I am glad to see that a Working Woman is writing to the Labour Leader with a suggestion for forming a Women’s Labour Party. There is no doubt that working women in England are, as a class, behind their continental sisters in political organisation, and in fact are scarcely class conscious at all. Those few who are so, are working side by side with their men comrades; but an immense, and an almost untouched work lies at their doors – the political education and organisation of their sister women workers. An example of what may, be done in this way is given by Clara Zetkin in Germany, who has educated and organised the German Social Democratic women; and there is little doubt has in this way helped to bring about the recent triumph of social democracy in Germany. M. Mitchell writes, in the letter I refer to “A Women’s Labour Party, to be effective, would have to be, as all branches of the Labour party have been in the past, largely educational .... There is as crying need for such a party, and with half a dozen determined women in every town, it ought very soon to be an accomplished fact.... The question of Women Suffrage, in my opinion; would be a great dial better merged in adult suffrage, when men and women could work together in bringing it to the front.” If M. Mitchell will communicate with me, c/o THE NEW AGE, 1 shall be only too glad to help towards the formation of a class conscious educational Women’s Labour Party, both through this column and through any other means in my power... THE NEW AGE has always stood for equality between the sexes, holding that the cause of humanity is best served where men and women work everywhere side by side. But until that equality, social, economic, and political is established, some of women’s unrepresented interests must necessarily be treated separately. M. Mitchell will always find this column representing women’s interests from the most democratic standpoint, and the writer’s only desire is to make it of real use to women in general, and to the working woman in particular.
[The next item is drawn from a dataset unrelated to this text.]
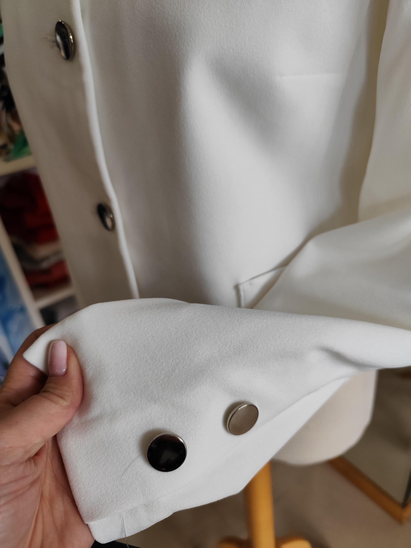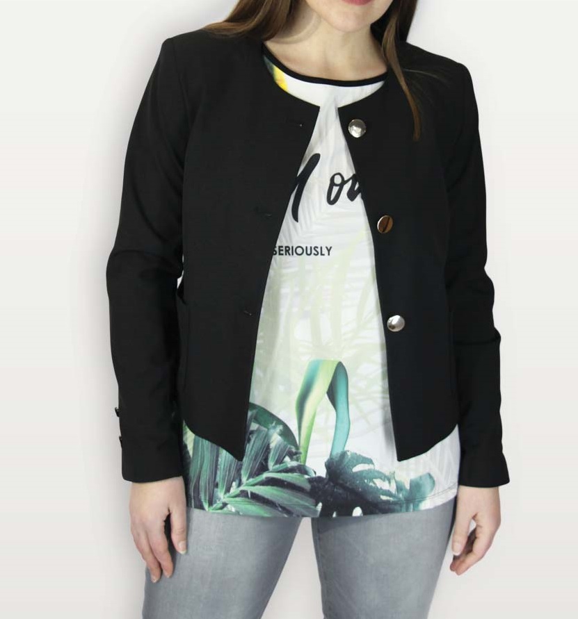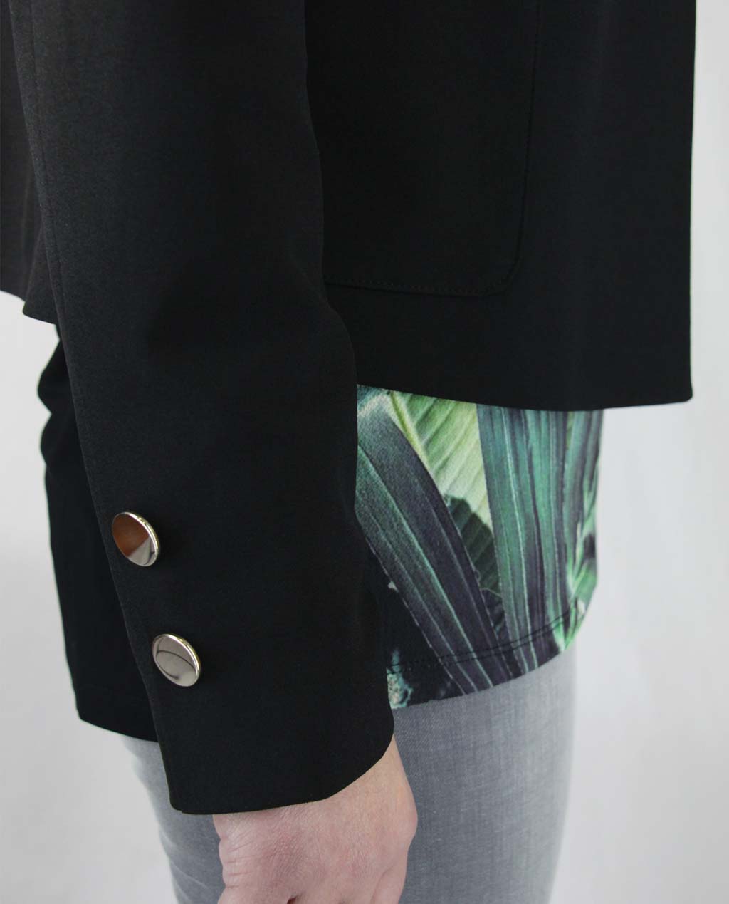 Com botões, sem gola e tecido elastico

It is difficult to understand by what process of reasoning a Wandsworth. jury, at an inquest on a three month old child, of parents living at 59 Vanderbilt Road, Wandsworth, brought in a verdict “Death from natural causes.” The mother gave evidence at the inquest that she had given the child broken biscuits to eat, and the doctor who made the post-mortem stated that the immediate cause of death was convulsions, whilst the child, was suffering from indigestion. The coroner remarked that biscuits were daily used by parents for the feeding of children, and it has been shown in the records of his court, as well as in the records of other courts, that it was an extremely dangerous thing to do. In the face of all this evidence, I am compelled to ask “Where do the ‘natural causes’ come in?” That Wandsworth baby was the victim of the ignorance, the muddle-headedness, the selfishness and callousness of Imperial England, which squanders millions in the acquisition of distant mines and territories, and allows the infants in its teeming capital to perish for want of their natural food. It is of little use teaching a working class mother that any starch food for an infant under six months old is slow poison – because the saliva at that age does not contain the necessary ingredients for the digestion of starch – if, at the same time, the community does nothing to provide a cheap and wholesome supply of milk, which is the only food an infant of that age should be given. Until such supply is forthcoming, we, as a collectivity, have to bear the guilt of the yearly slaughter of thousands of biscuit, beer, and gin fed infants, whose baby blood helps to pay the price of extension of Empire. Whilst reaching out for empty wealth and power, we forget that fact of which Ruskin so eloquently reminded us. “There is no wealth but life. That country is the richest which nourishes the greatest number of noble and happy human beings.”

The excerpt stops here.